There was a Roman fort on the site in the 1st century, and it was also occupied by the Anglo-Saxons in the 5th century. The town derives its name from its Anglo-Saxon name "Gyrwe" (pronounced Yeerweh), which means marsh or fen.
The Monastery of St. Paul in Jarrow was once the home of the Venerable Bede, whose most notable works include The Ecclesiastical History of the English People and the translation of the Gospel of John into Old English. At the time of its foundation, it was reputed to have been the only centre of learning in Europe north of Rome. In 794 Jarrow became the second target in England of the Vikings, who had plundered Lindisfarne in 793. The Monastery was later dissolved by Henry VIII. The ruins of the Monastery are now associated with and in partly built into the present-day church of St. Paul which stands on the site. One wall of the church contains the oldest stained-glass window in the world, dating from about AD 600. Not far from the Monastery is "Bedes World", a working museum dedicated to the life and times of Bede.

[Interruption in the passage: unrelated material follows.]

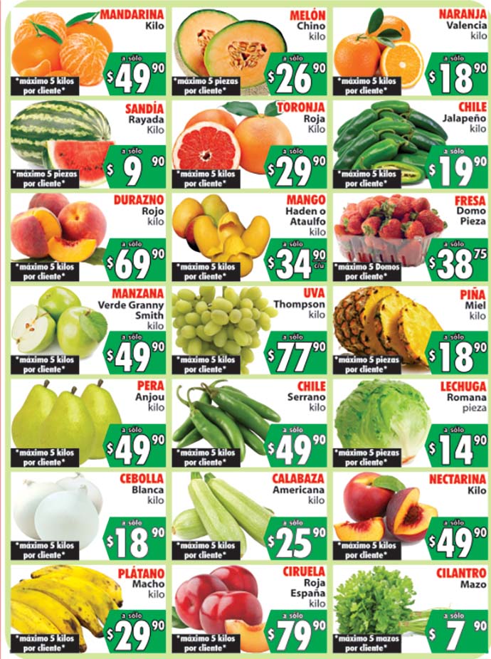 - Toronja a $29.90 el kilo.

Jarrow remained a small town for several centuries, growing rapidly in the last two or three centuries with the introduction of heavy industries like coal mining and shipbuilding.
Palmers Shipyard employed as much as 80% of the town's working population until its closure in the early 1930s. Around 1,000 ships were built at the yard before its closure. The closure of the shipyard was responsible for the event for which Jarrow is most famous. Jarrow is marked in history as the starting point of the Jarrow March (to London) to protest unemployment in Britain in 1936.